Records excerpted from a collection
Content starts

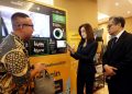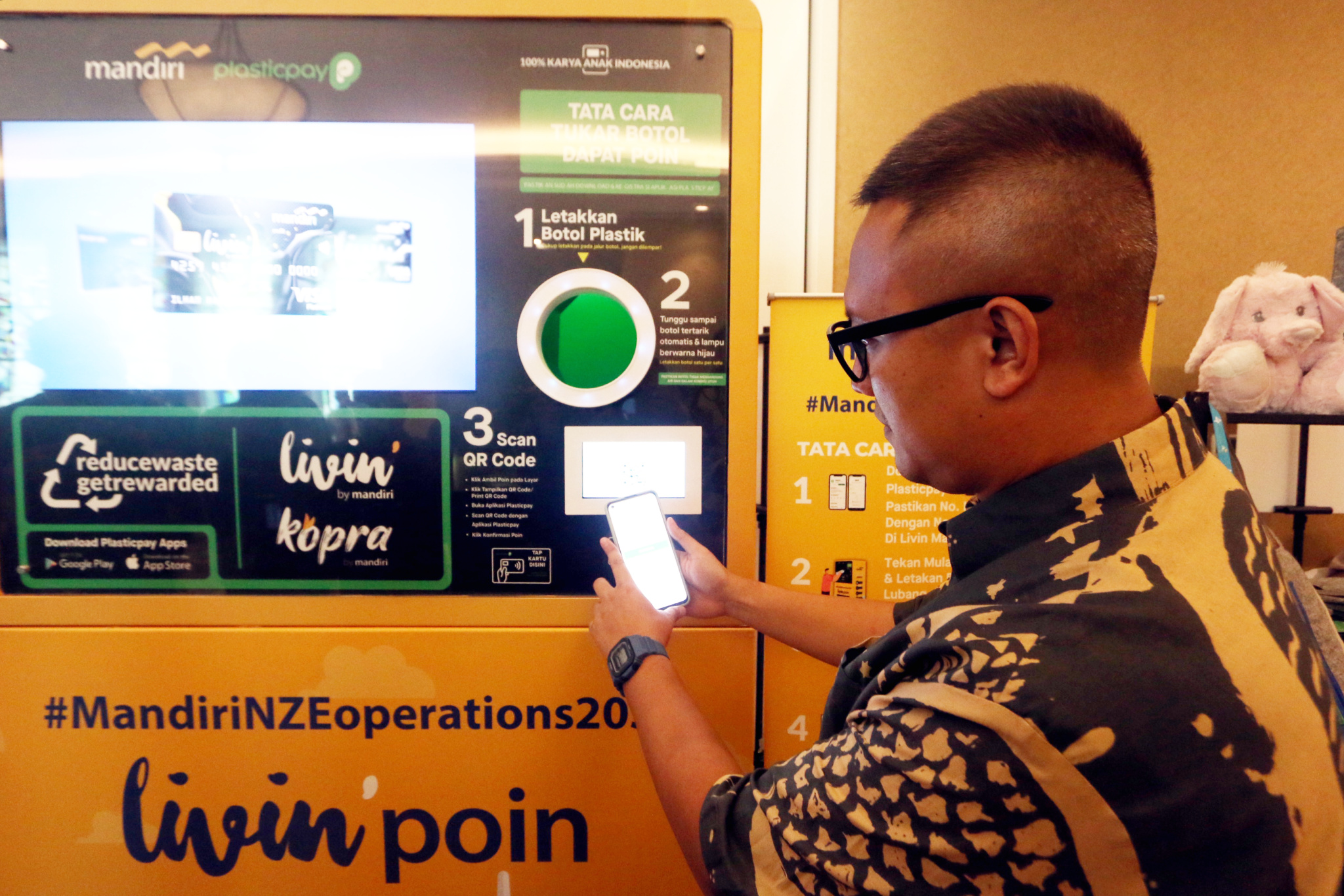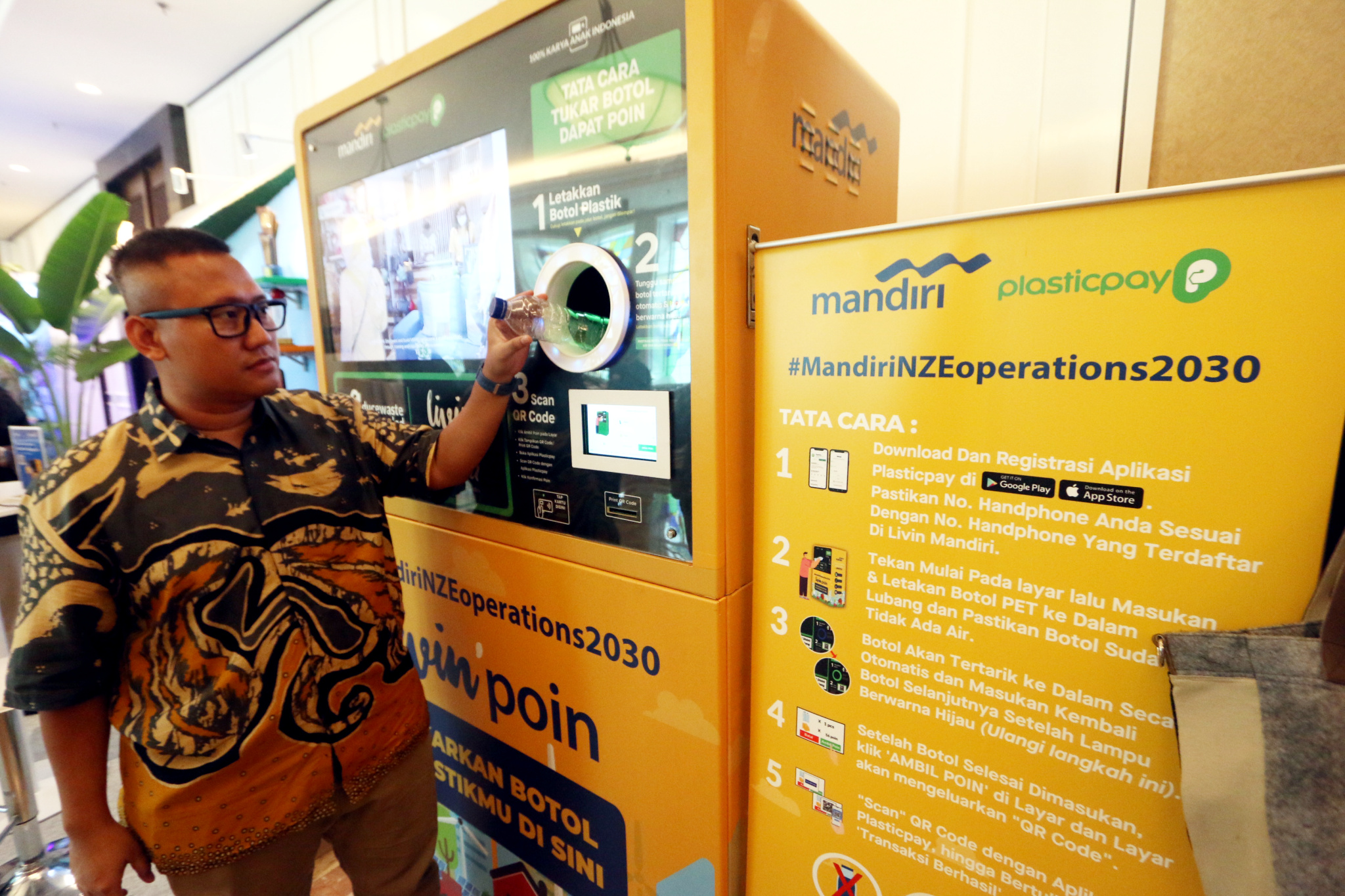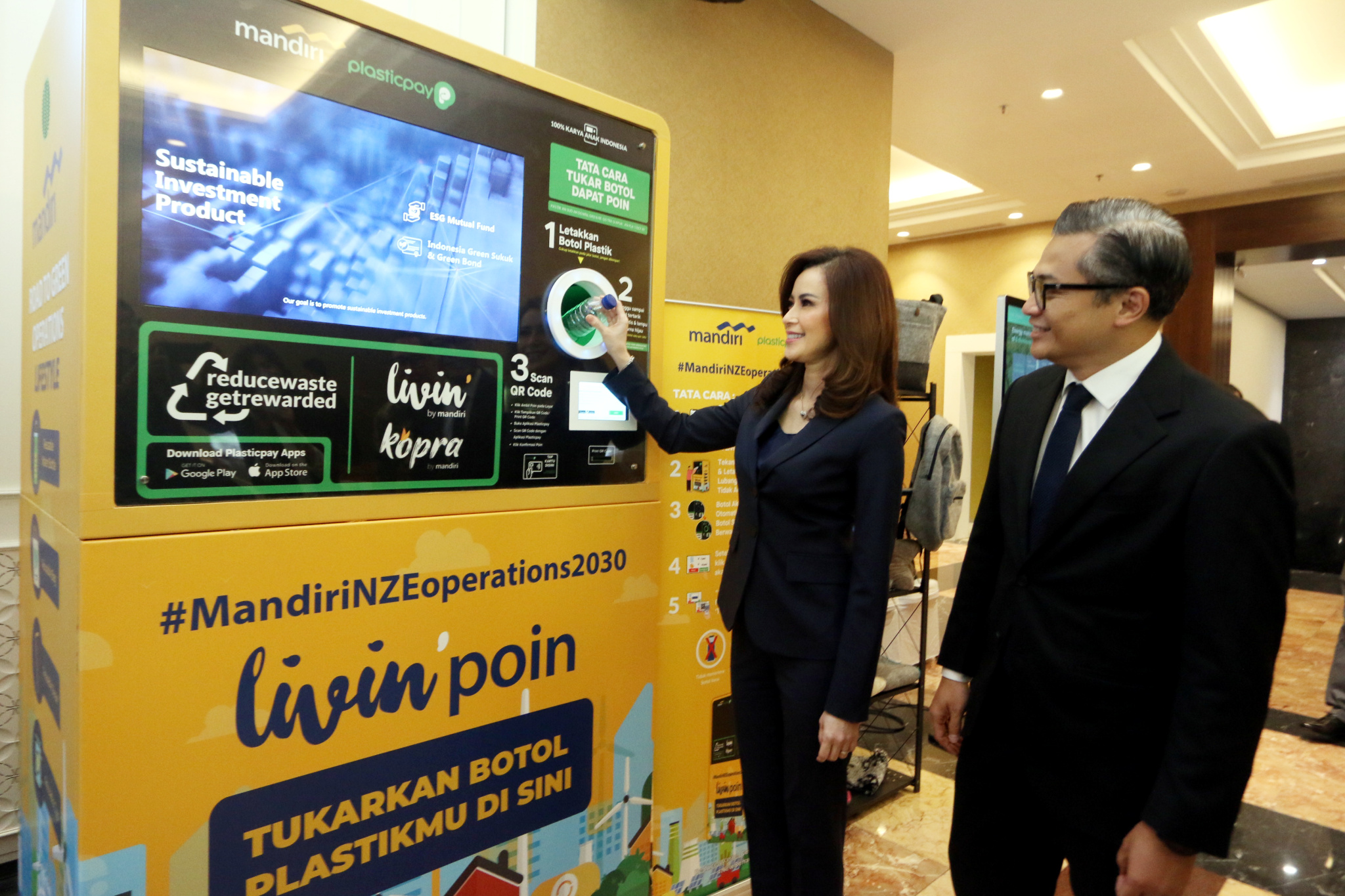 (Kiri – kanan) Wakil Direktur Utama Bank Mandiri Alexandra Askandar dan Kepala Ekonom Bank Mandiri Andry Asmoro saat memasukkan botol ke mesin daur ulang botol Plastik di sela perhelatan Mandiri Sustainability Forum di Jakarta, Kamis (7/12). Sebagai salah satu inisiatif penerapan prinsip Environmental Social Governance (ESG), Bank Mandiri mengandeng startup Plasticpay menempatkan empat unit reverse vending machine untuk mendaur ulang botol plastik bekas, yang disebar di empat gedung utama Bank Mandiri di Jakarta. Untuk mensosialisasikan pemanfaatan mesin ini, setiap penukaran satu botol plastik tersebut akan ditukar dengan satu Livin’poin yang dapat dimanfaatkan oleh nasabah untuk mendapatkan hadiah menarik dan juga diskon belanja di berbagai merchant yang bekerjasama.
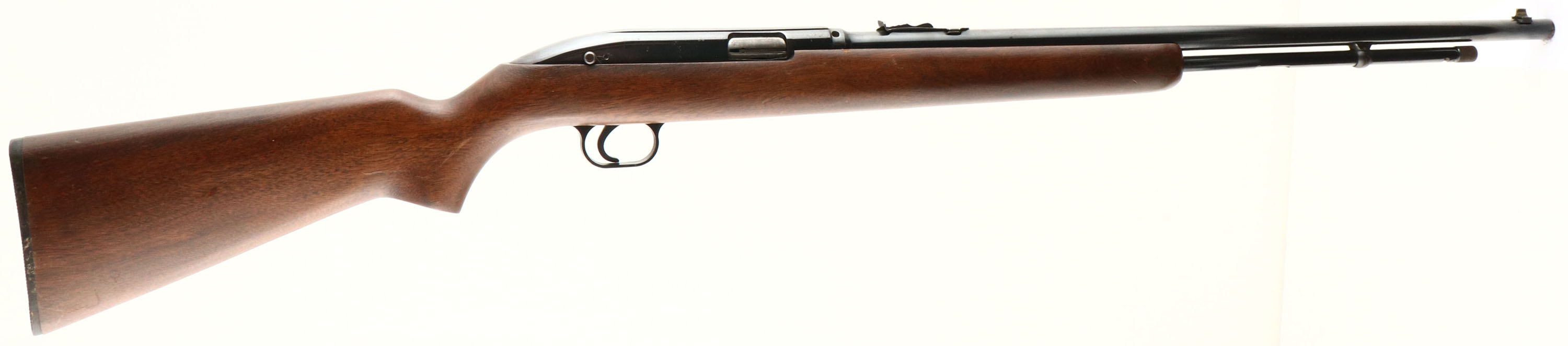 Winchester, Model 77, Marked .22 L. RIFLE Cal., MFG. 1955-62, SN: None, Tubular Mag Semi-Auto Rifle, 22'' round barrel. The original flat pistol grip wood stock is excellent, with several minor scratches & light contusions to the original finish. The original metal blue finish rates 85% on the barrel, 70% on the receiver, with some haze & speckling. Bore is excellent. Factory front & rear sights. Factory plastic buttplate. A nice Winchester semi- Auto .22. FFL or C&R Req. - Value: 200 to 400
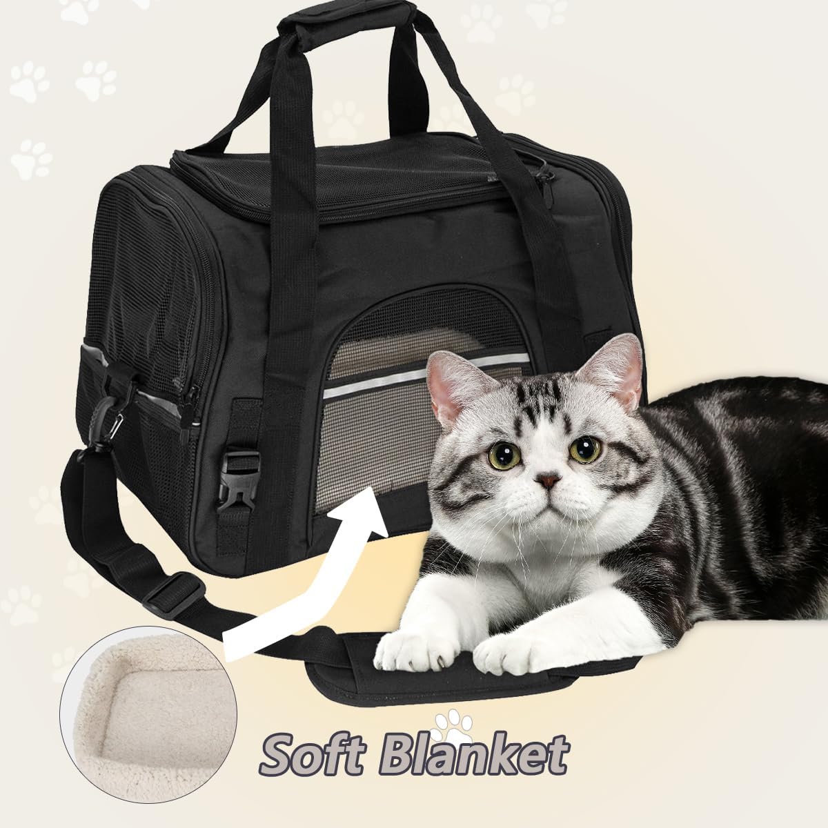DETAILLIERTES DESIGN: Die Katzentransporttasche verfügt auf einer Seite über reflektierende Streifen, um die Sicherheit bei Nachtreisen zu gewährleisten. An der Außenseite der Transporttasche befindet sich außerdem eine kleine Tasche zur Aufbewahrung von Haustiersnacks und anderen Gegenständen. Die Innenseite der Tragetasche ist mit einer speziellen Schnalle ausgestattet, die verhindert, dass Ihr Hund verloren geht.
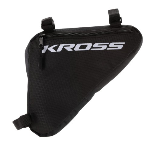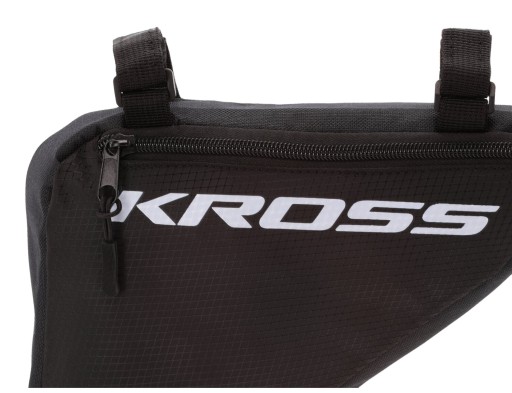 Triangle Bag Kross to torebka stworzona z myślą o miłośnikach wycieczek rowerowych. Wykonano ją z poliestru, materiału wytrzymałego i odpornego na uszkodzenia. Torba wyposażona jest w trwałe zamki, które pozwalają na długie użytkowanie. Mocowana jest za pomocą rzepu do górnej rury ramy roweru, dzięki czemu nie krępuje ruchów podczas jazdy.
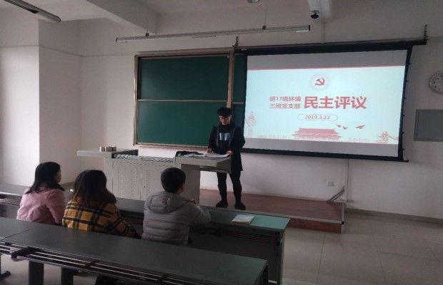 为了深入学习贯彻习近平新时代中国特色社会主义思想,推进“两学一做”学习教育常态化制度化,提升基层党组织组织力,严格党员教育管理监督,2019年3月12日上午11点,必赢76net线路官网研17级环境三班党支部于犀浦校区X9239教室召开了民主生活会进行了民主评议,并针对党员应知应会知识进行了专题学习会。支部全体党员参加,会议由支部书记毛鹏飞主持。

Content ends

### Work order:
The required result is the entries above, printed exactly from the first line through the line with "DETAILLIERTES DESIGN: Die", pictures excluded.

### Your solution:
 (Kiri – kanan) Wakil Direktur Utama Bank Mandiri Alexandra Askandar dan Kepala Ekonom Bank Mandiri Andry Asmoro saat memasukkan botol ke mesin daur ulang botol Plastik di sela perhelatan Mandiri Sustainability Forum di Jakarta, Kamis (7/12). Sebagai salah satu inisiatif penerapan prinsip Environmental Social Governance (ESG), Bank Mandiri mengandeng startup Plasticpay menempatkan empat unit reverse vending machine untuk mendaur ulang botol plastik bekas, yang disebar di empat gedung utama Bank Mandiri di Jakarta. Untuk mensosialisasikan pemanfaatan mesin ini, setiap penukaran satu botol plastik tersebut akan ditukar dengan satu Livin’poin yang dapat dimanfaatkan oleh nasabah untuk mendapatkan hadiah menarik dan juga diskon belanja di berbagai merchant yang bekerjasama.
 Winchester, Model 77, Marked .22 L. RIFLE Cal., MFG. 1955-62, SN: None, Tubular Mag Semi-Auto Rifle, 22'' round barrel. The original flat pistol grip wood stock is excellent, with several minor scratches & light contusions to the original finish. The original metal blue finish rates 85% on the barrel, 70% on the receiver, with some haze & speckling. Bore is excellent. Factory front & rear sights. Factory plastic buttplate. A nice Winchester semi- Auto .22. FFL or C&R Req. - Value: 200 to 400
DETAILLIERTES DESIGN: Die Katzentransporttasche verfügt auf einer Seite über reflektierende Streifen, um die Sicherheit bei Nachtreisen zu gewährleisten. An der Außenseite der Transporttasche befindet sich außerdem eine kleine Tasche zur Aufbewahrung von Haustiersnacks und anderen Gegenständen. Die Innenseite der Tragetasche ist mit einer speziellen Schnalle ausgestattet, die verhindert, dass Ihr Hund verloren geht.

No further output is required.